There is a concept of form versus function; the form of something can be related to how to shoot a basketball and the function of something can be related to scoring a point. Which is better, how the ball is shot or that the shot goes in? If it is a bad shot, it wont go in, but you can’t have a shot go in if there was no shot in the first place. With that said, most people instinctively place more value on the function, scoring the point. This way of thinking requires a person to take a position that says “it doesn’t matter how one shoots the ball because if it goes in every time then it’s working”. So does it matter? In our world, there seems to be tried and tested ways of shooting a basketball that make some ways better than others; NBA players don’t chuck ol’ granny shots. It would be silly if someone tried to argue that you can score a point without first using some kind of form to project the ball in the air, yet sometimes, people try to reach a desired function without considering and learning the proper form.
To relate this to the gospel, the tried and tested ways (form) of spiritual learning are things such as praying, reading scriptures, going to places of worship, etc. So what is the function? I would suggest it is to be able to “[put] off the natural man and [become] a saint through the atonement of Christ the Lord” (Mosiah 3:19). Engraved into the form of the gospel are valuable lessons that teach the observant student the function mentioned above. Those who cannot develop the ability to see with spiritual eyes will certainly fail to see the function within the form.
Reasons That People Overlook Form
Some people tend to veer away from religious ceremonies and rituals because they feel they are taboo forms of finding spirituality. It’s likely that these people begin to see the form as a barrier or even an irritant to their learning. A sign that this way of thinking has begun to take root in someone’s life could be when they feel they identify as a spiritual person but not religious. In their minds, the form becomes a barrier to their learning and is therefore deemed unnecessary for spiritual experiences. Vanessa Ochs, a professor of religious studies at the University of Virginia, affirms that there has been a rise in individuals who proclaim spirituality but not religiosity (Newman). She discusses how individuals seek to separate the two by using different types of rituals such as yoga and meditation classes (Newman). They are able to find spirituality without going down the road of traditional religiosity. Consequently, in the world, the use of ceremonies and rituals are not declining but are changing.

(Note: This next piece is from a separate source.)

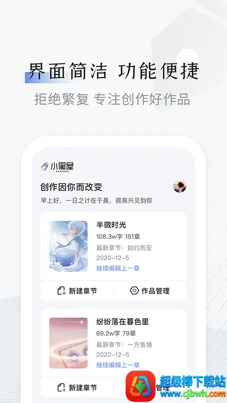 1. 界面简洁:布局化繁为简,精致入微,让作家专注创作好内容。
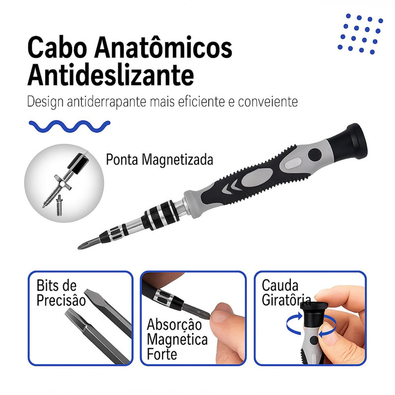 Um dos grandes diferenciais deste kit é o magnetizador/desmagnetizador incluso, que permite ajustar o magnetismo das ponteiras conforme a necessidade, facilitando a manipulação de parafusos pequenos e evitando perdas durante o trabalho. O cabo ergonômico com empunhadura antiderrapante proporciona conforto e controle durante o uso prolongado.

It is also possible that people think they have nailed the function and therefore, disregard the form. At this point, the form has either already become or is on its way to becoming, merely routine; the routineness says there is nothing left to gain. Though the student may not consciously accept such as true, their actions begin to program the mind with a misleading idea that form is “not as important” as the function. When the vision of the form is lost the vision of the function is soon to follow.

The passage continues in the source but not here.